I’ve been a member of the Southern Foodways Alliance for years. I plan to be at the 16th Annual Symposium this coming October, if I can get a ticket soon enough (last year’s event sold out in minutes). The Symposium (as it’s loosely called) is wonderful simply in the fact that you spend the series of days learning, dining, and drinking among such an amazing group of individuals working to preserve the South’s culture and history through food. Last year, Alabama Chanin designed BBQ-inspired dresses for the 15th annual Symposium. This year, we have new plans in the works.  As I’ve written over and over again, what I love most about the SFA is their commitment to documentation and preservation of the present, the who’s who, if you will, in Southern kitchens (across the nation) today.

In the February 2013 issue of Southern Living, an article featured a handful of chefs from Louisiana, Kentucky, Tennessee, South Carolina, North Carolina, and of course, Alabama, who are preserving southern cuisine in new and reimagined ways that reflect the changing landscape and demographics of the contemporary South.

SOUTHERN CHEFS/SOUTHERN LIVING

Nintety-year old Leah Chase’s recipe, Gumbo Z’Herbes, reads like a catalog of southern greens: mustard greens, collard greens, turnip greens, beet tops, cabbage, romaine lettuce, watercress, chopped spinach, and carrot tops. Add several kinds of meat and gumbo filé and this quintessential New Orleans dish begs for a pilgrimage to taste the original at Dooky Chase’s Restaurant. The recipe also brings to mind a favorite Edna Lewis staple I read about a few years ago, just before Gourmet closed its doors. Simmered Greens with Cornmeal Dumplings calls for “an assembly of greens,” emphasizing the depth of flavor that combining several different kinds of greens adds to a dish. Both Leah Chase and Edna Lewis have been role models for many – in the kitchen and around the table. Southern Living reports of Leah Chase, “For her, the strength of the Southern Foodways Alliance is its ability to transcend borders and bring people together over food.” Exactly.

On the other end of the spectrum, Edward Lee of 610 Magnolia in Louisville, Kentucky, and Bill Smith of Crook’s Corner in Chapel Hill, North Carolina, are folding cultural backgrounds and new influences in with local ingredients.
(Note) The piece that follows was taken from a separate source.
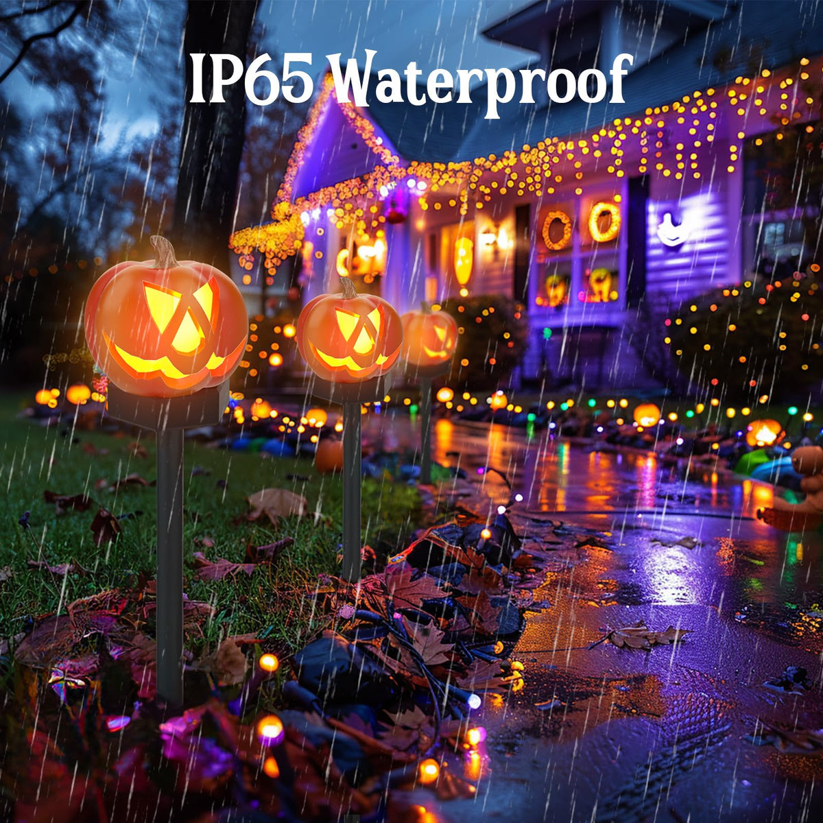 Q: Are the Halloween decorations waterproof?A: Yes, these solar-powered pumpkin lights are designed with an IP65 waterproof rating, making them durable and suitable for various weather conditions, including rain and snow. This ensures that your outdoor decorations remain intact and functional throughout the Halloween season.

Lee is Korean-American and a Brooklyn, New York transplant who infuses the flavors of his parents’ mother country into local, Southern elements. His collard greens and kimchi is amazing. Smith serves Mexican influenced dishes (pozole is the featured recipe in this article) he learned from his own line cooks, loyal and skilled culinarians who started out as dishwashers and gradually acquired the skills to be chefs.

SOUTHERN CHEFS/SOUTHERN LIVING

Southern Living also included chef and friends Frank and Pardis Stitt. I love all of their restaurants (three in Birmingham).  Frank has been an inspiration for Alabama chefs and eaters alike, and resides at the forefront of the Slow Food movement in my home state. Check out Frank’s delicious Rabbit Pilau recipe (and his beautiful cookbook, Frank Stitt’s Southern Table).

The magazine illustrates some recent changes – good changes – to southern cuisine, which include new leadership and fresh ideas that better represent the South as it is today. It’s good for all of us…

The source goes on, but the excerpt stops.